The document states that "Oral-B® Sonic Complete™ powered toothbrush has been tested in numerous controlled clinical studies. These trials evaluated oral soft and hard tissue for safety, plaque, gingivitis and bleeding. Collectively, these studies demonstrate that the Oral-B® Sonic Complete™ powered toothbrush is effective at treating and preventing gingivitis." However, it does not provide all the granular details requested for a single, comprehensive study. It references two clinical studies in the bibliography.

1. Sample size used for the test set and the data provenance:

   • Test set sample size: Not explicitly stated in the summary.
   • Data provenance:
     • Study 1 reference (Cronin et al., 2004): Conducted by "New Institutional Service Co., Inc., Dental Research and Product Testing, Northfield, New Jersey, USA." This suggests the data is prospective and from the USA.
     • Study 2 reference (Rosema et al., 2004): Department of Periodontology, Academic Centre for Dentistry Amsterdam. This suggests the data is prospective and from Amsterdam (Netherlands).

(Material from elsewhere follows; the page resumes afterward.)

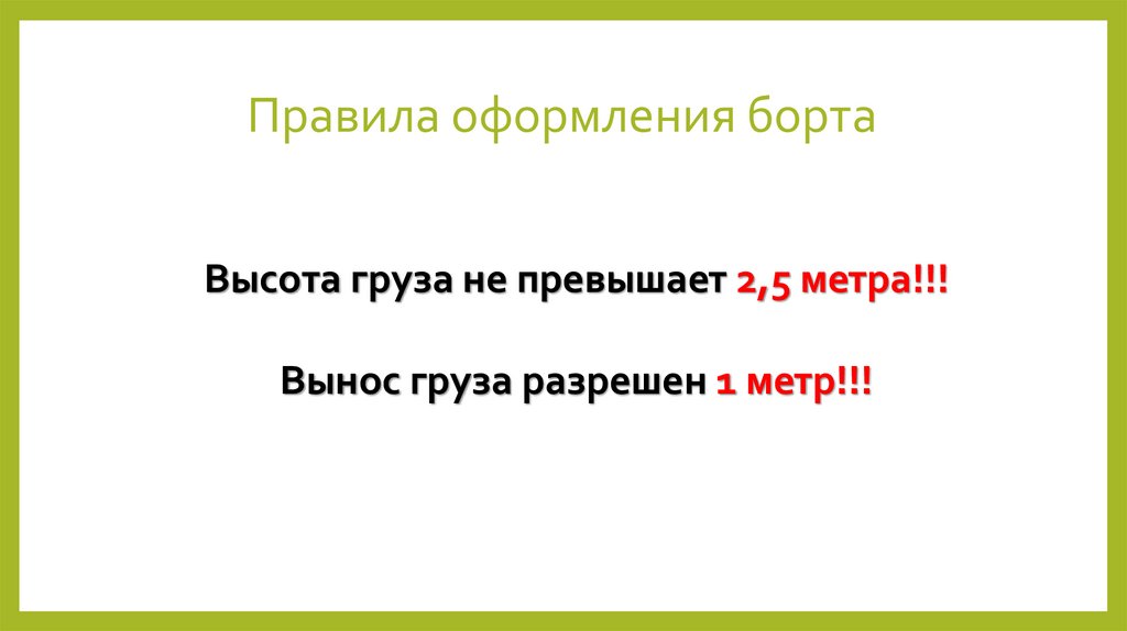 Правила оформления бортаВысота груза не превышает 2,5 метра!!!

2. Number of experts used to establish the ground truth for the test set and the qualifications of those experts: Not explicitly stated in the provided text. Clinical studies of this nature would typically involve trained dental professionals (e.g., periodontists, dental hygienists) for assessments.

3. Adjudication method for the test set: Not explicitly stated. For clinical studies evaluating gingivitis and plaque, assessments are typically performed by trained examiners following standardized protocols, and reliability checks (e.g., inter-rater agreement) are common, but specific adjudication methods like "2+1" are not mentioned.

4. If a multi-reader multi-case (MRMC) comparative effectiveness study was done:

   • The provided text refers to "controlled clinical studies" demonstrating effectiveness, but it does not describe an MRMC study comparing human readers with and without AI assistance. This type of study (MRMC for AI) is typically for diagnostic imaging devices, not direct-to-consumer toothbrushes.
   • The studies mentioned compare the device itself (with its cleaning mechanism) against either a control or another toothbrush, not human readers and AI.

5. If a standalone (i.e. algorithm only without human-in-the loop performance) was done: No, this device is a physical toothbrush, not an algorithm. Therefore, "standalone" algorithm performance is not applicable. The device's performance is inherently "human-in-the-loop" as a user operates it.

6. The type of ground truth used:

   • Clinical Endpoints: Based on the description ("evaluated oral soft and hard tissue for safety, plaque, gingivitis and bleeding"), the ground truth would be based on clinical assessments/measurements (e.g., Gingival Index, Plaque Index, Bleeding on Probing) performed by trained dental professionals.
   • Bibliography references studies that focus on "efficacy of two toothbrushes" (Study 1) and "Healing Effect of Experimental Gingivitis Using 2 Sonic Toothbrushes" (Study 2), further indicating clinical measures as ground truth.

7. The sample size for the training set: Not applicable in the context of this device and the provided documentation. This information is relevant for AI/machine learning models which are not described here. The "training set" for a physical device would refer to data used during its development and optimization, which is not detailed in a 510(k) summary for a toothbrush.

8. How the ground truth for the training set was established: Not applicable, as explained above.